If a penalty is imposed before the relevant policy has been formulated, it may turn out in the light of any such policy to be wildly excessive. That could lead to vastly differing penalties imposed for the same default. It is rightly Parliament's intention that penalties should be governed by published policies and that anyone who suffers as a result of a delay in publication of those policies should have a remedy. I beg to move.

Lord Macdonald of Tradeston: These amendments all impact on the enforcement regime which the Bill enhances from the provisions in the Railways Act 1993, specifically because past regulators have complained that they did not have sufficient tools to ensure that problems are put right both effectively and speedily.
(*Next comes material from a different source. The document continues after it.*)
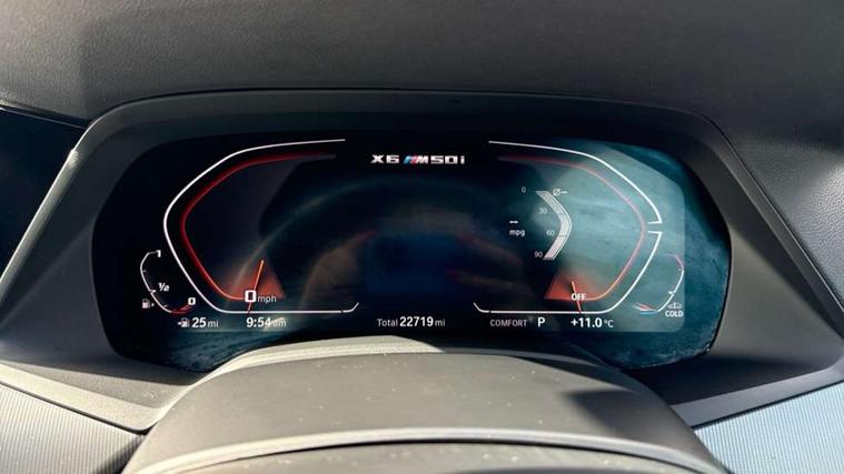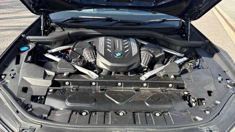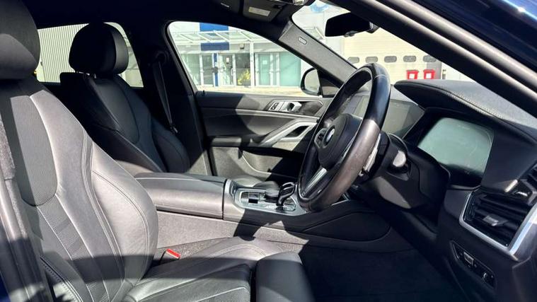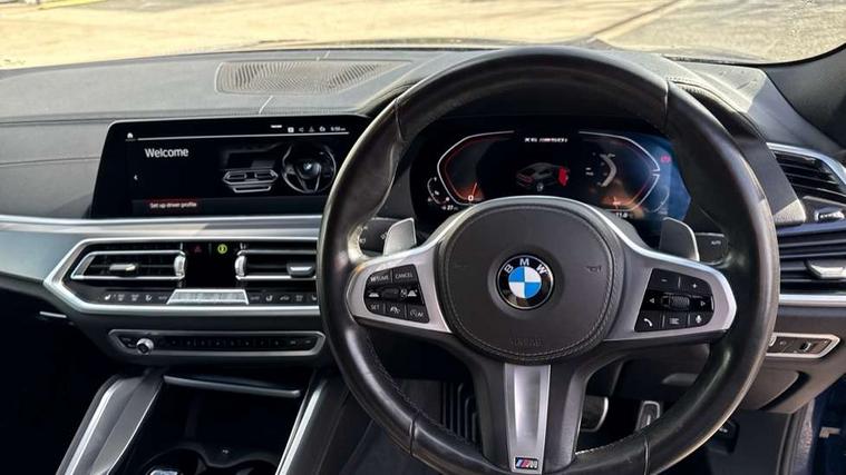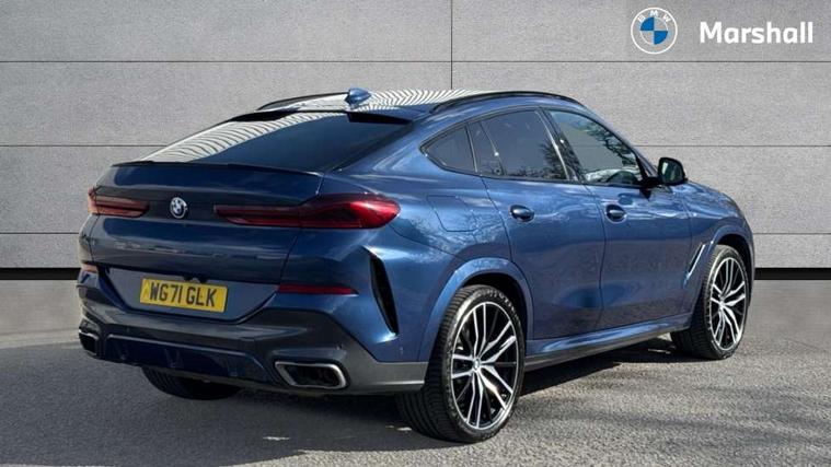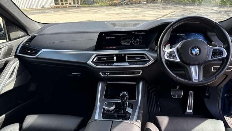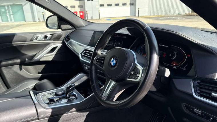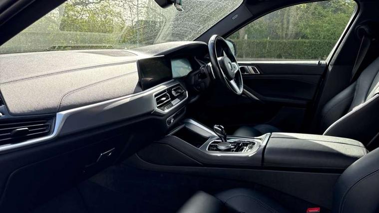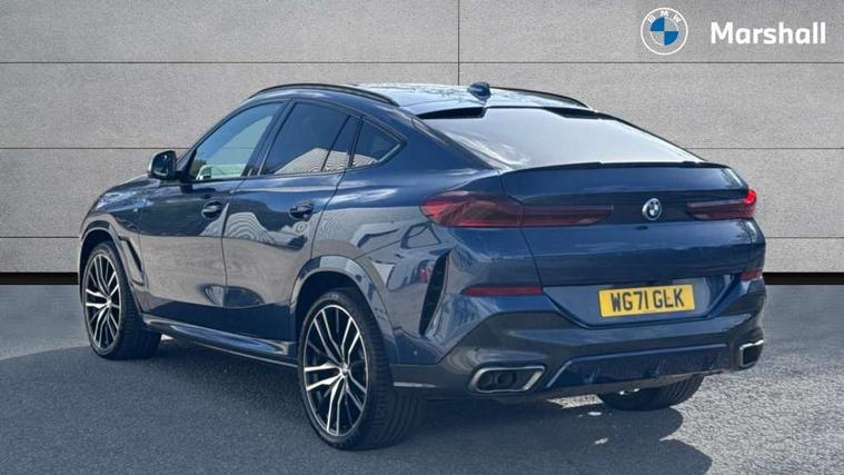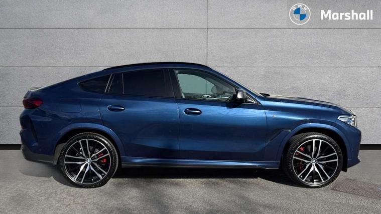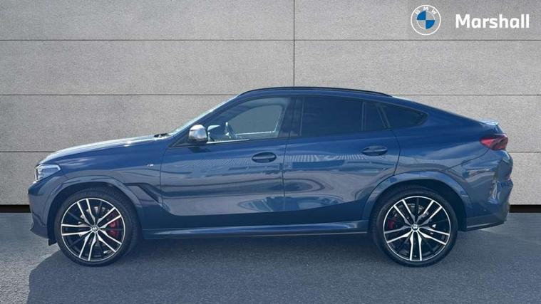 50GB hard disc drive (HDD) memory, Active guard plus, Attentiveness assist, Automatic tailgate two part with top hinged section open and manual bottom hinged section, BMW ConnectedDrive online services, BMW digital live cockpit professional - 12.3" digital instrument panel and 12.3" CID, with touch/voice command, BMW legal emergency call, BMW Teleservices, Brake force display, Brake pad wear indicator warning light, Enhanced bluetooth with wireless charging, Front/rear park distance control (PDC), iDrive touch controller with shortcut buttons, Lights on warning, Oil sensor for level and grade, On board computer inc. average speed, fuel consumption, liquid crystal Info display, journey computer, outside temperature display, personal profile, Service interval indicator, Speed limit info display, Speed limiting function, Wifi hotspot preparation, Double VANOS, Double wishbone front axle, Drive performance control with ECO PRO comfort + sport mode, Eight speed steptronic sport automatic transmission and gearshift paddles on the steering wheel, High precision injection, M Sport differential, Petrol Particulate Filter, Safety battery terminal clamp, Twin scroll turbocharger with Valvetronic, DAB Tuner enables digital radio reception, Favourite buttons, USB connection, USB type A 1.5A in cupholder, USB Type C 3A in centre armrest, Adaptive air flap control bar in high-gloss black, Automatically dimming rear view mirror, BMW individual exterior line aluminium satinated window frame and window guide rail in front door/pillar trim/door mirrors in high gloss black, Body colour bumpers, Body colour door handles, Cerium grey kidney grille, Cerium grey M badge on left and right side panels, Cerium grey M50i badge on right tailgate, Cerium grey side gill, Dynamic brake lights with LED technology, Exhaust tailpipes - single, left and right in Cerium Grey, Follow me home headlight function, Front and rear electric windows with open and close fingertip control, anti trap facility and comfort closing, Heated windscreen washer jets, High beam assistant, High gloss black outer and central air intakes on front bumper with pearlescent chrome finish, High gloss black Side elements, LED daytime running lights, LED rear lights, M aerodynamic body styling, M Sport exhaust system, Rain sensor with automatic headlight activation and windscreen wiper control, Satin aluminium side window graphic, Sun protection glazing, Third brake light in rear spoiler, Welcome light carpet, X6 on left tailgate, xDrive designation on right tailgate, 12V - Power sockets with 2x centre console and 1x luggage compartment, 40:20:40 split folding rear seats, Centre and rear interior light, Child seat ISOFIX attachment with rear outer seats includes top tether, Compartment in front of cupholder, Electrical steering column with adjustable height and length with activation and control on the steering column, Foldable rear centre armrest with 2 cupholders and storage compartment, Front and rear cupholders x 2, Front and rear door pockets, Front and rear door sill finishers with illuminated M50i designation, Front and rear side armrest integrated into door trim, Front reading lights, Light inside glove compartment, Lockable glove compartment, Luggage compartment floor panel with integral storage tray, Luggage compartment lighting, M specific key, M specific pedals, M specific velour floor mats, M sport leather steering wheel, Make-up mirror lights, Multifunction controls for leather steering wheel, Multifunctional hooks, Rear head restraints, Seat back with flap pocket, Storage tray and compartment with cover in centre console, Sunvisors with illuminated vanity mirrors, Toolkit located in luggage compartment, Ambient light interior pack - X6, Connected Package Professional - X6, Expanded exterior mirror pack with electric folding door mirror - X6, Non-smokers pack - X6, 3 rear seatbelts, Active protection, Airbags - driver/front passenger, rear and side, first and second row seats head airbags, front passenger seat airbag deactivation + knee airbag, Anti-lock braking system (ABS), Automatic Stability Control (ASC), Brake drying, Brake energy regeneration, Brake fade compensation, Braking pre-tensioning, Cornering brake control (CBC), Crash sensor activating central locking release, hazard warning lights, fuel cut off, interior lighting + activation of safety battery terminal clamp, Deformation zones - front and rear with door reinforcements and bumpers up to 2.5 mph, DSC - Dynamic Stability Control, Dynamic brake control, Dynamic Traction Control - DTC, Electromechanical parking brake with automatic drive away release and auto hold function, Electronic brake force distribution, Front and rear brake discs with interior ventilation, Front and rear seatbelts with seatbelt stopper, seatbelt tensioner for front and outer rear seats and belt force limiter, Front head restraints with anti-whiplash, Hill start assistant, Integrated brake system, M Sport braking system, M sport seatbelt, Mechanical child proof lock on rear doors, Passive protection for pedestrians, Seat occupancy detection for driver and passenger side, Side impact protection, Two tone horn, Tyre pressure monitoring system, Warning triangle and first aid kit, Closing system with central locking, Driver and front passenger door centre lock switch, Locking wheel bolts, Thatcham 1 alarm system with remote control and engine immobiliser, Start/stop toggle diamond shaped trim finisher in pearl chrome,

I agree that it must be fair to train operating companies and facility owners, but it must also be fair to the users of the railway.

Noble Lords will also have in mind that enforcement is the end of the process. It means that an operator or facility owner has already failed to meet its contractual or licence obligations. The regulator and the SRA propose to improve the positive incentives to drive performance, whether by replacement franchises or as a result of the periodic review of the access charges for Railtrack. The enforcement regime is the other side of the equation.

Amendments Nos. 334, 335 and 336 all impact upon the timetables laid down for various parts of the enforcement regime and extend the timescales. There is a balance to be struck here. Yes, we must allow for reasonable periods but, equally, the enforcement regime must have the teeth to be effective. Our intention has been to speed up the enforcement in appropriate cases. We consider that the timescale for notice requirements for any modification of a proposal to impose a penalty is open to expedition because a modification could be more than trivial, but nevertheless easily and quickly dealt with. For example, the regulator or the SRA may wish to draw attention to some additional facts which justify the imposition of a penalty which they consider to be beyond dispute.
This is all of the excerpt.